Tecnologico de Monterrey, School of Medicine and Health Sciences, Monterrey, Mexico.
Int Ophthalmol. 2024 Feb 12;44(1):61. doi: 10.1007/s10792-024-02994-1.
The present review will summarize FECD-associated genes and pathophysiology, diagnosis, current therapeutic approaches, and future treatment perspectives.
Literature review.
Fuchs' endothelial corneal dystrophy (FECD) is the most common bilateral corneal dystrophy and accounts for one-third of all corneal transplants performed in the US. FECD is caused by a combination of genetic and non-heritable factors, and there are two types: early-onset FECD, which affects individuals from an early age and is usually more severe, and late-onset FECD, which is more common and typically manifests around the age of 40. The hallmark findings of FECD include progressive loss of corneal endothelial cells and the formation of focal excrescences (guttae) on the Descemet membrane. These pathophysiological changes result in progressive endothelial dysfunction, leading to a decrease in visual acuity and blindness in later stages. The present review will summarize FECD-associated genes and pathophysiology, diagnosis, current therapeutic approaches, and future treatment perspectives.

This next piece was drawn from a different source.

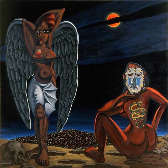 The painting transforms Picasso's original in ways that feel both familiar and revolutionary. Huerta maintains Picasso's angular faces and geometric fragmentation but replaces African masks with Aztec imagery and European prostitutes with border women from Juarez. Most striking is his addition of LoterĂa symbols: the viper from traditional Mexican bingo appears painted on one figure's body.

With the characterization and understanding of FECD-related genes and ongoing research into regenerative therapies for corneal endothelium, we can hope to see more significant improvements in the future in the management and care of the disease.

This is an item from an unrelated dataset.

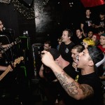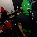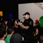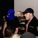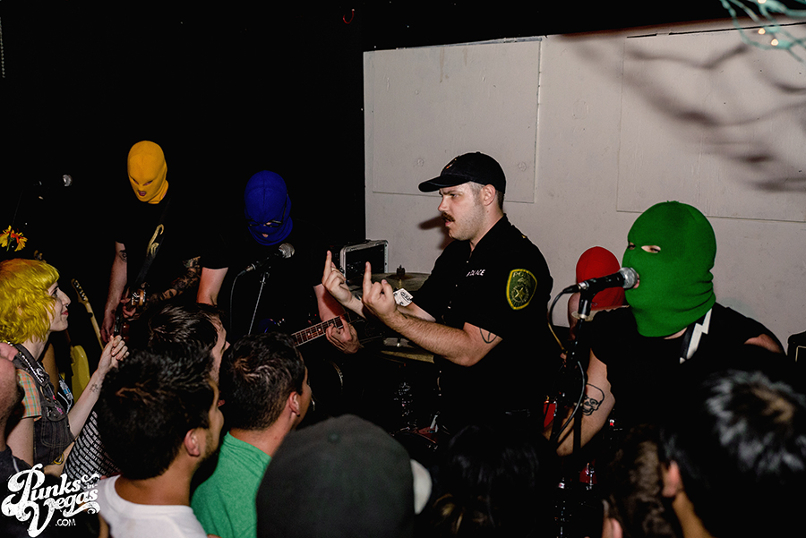 The tour was headlined by Wisconsin’s Masked Intruder, a four piece that plays pop punk in the style of Lookout! Records bands like Mr. T Experience and kerplunk!-era Green Day, taking the usual pop punk love song clichés of pining and serenading and putting them through the perspective of ski-masked stalkers and thieves. They’ve gained a reputation as a must-see live band, so the crowd was pretty excited by the time the lights dimmed and the police siren blared. The band was escorted onto stage by hype man/parole officer Officer Bradford, barely managing to squeeze their way through the sweaty mass of fans to the intimate stage. As they launched right into “Stick ‘em Up,” the whole crowd went nuts, screaming every word back at the band with fists in the air. It was nice to see such frenzied passion on display late on a Sunday night, and the band definitely fed off that, with guitarist Intruder Green dancing like a maniac, leaping high into the air and kicking back against the manic crowd.

本综述将总结 FECD 相关基因及发病机制、诊断、当前治疗方法和未来治疗前景。
文献回顾。
Fuchs 角膜内皮营养不良(FECD)是最常见的双侧角膜营养不良,占美国所有角膜移植手术的三分之一。FECD 是由遗传和非遗传因素共同引起的,有两种类型:早发性 FECD,影响早期人群,通常更为严重;晚发性 FECD 更为常见,通常在 40 岁左右出现。FECD 的特征性表现包括角膜内皮细胞进行性丧失和 Descemet 膜上形成局灶性赘生物(guttae)。这些病理生理变化导致进行性内皮功能障碍,在后期导致视力下降和失明。本综述将总结 FECD 相关基因及发病机制、诊断、当前治疗方法和未来治疗前景。
随着对 FECD 相关基因的特征描述和理解,以及对角膜内皮再生治疗的持续研究,我们有望在未来看到对该疾病的管理和护理有更显著的改善。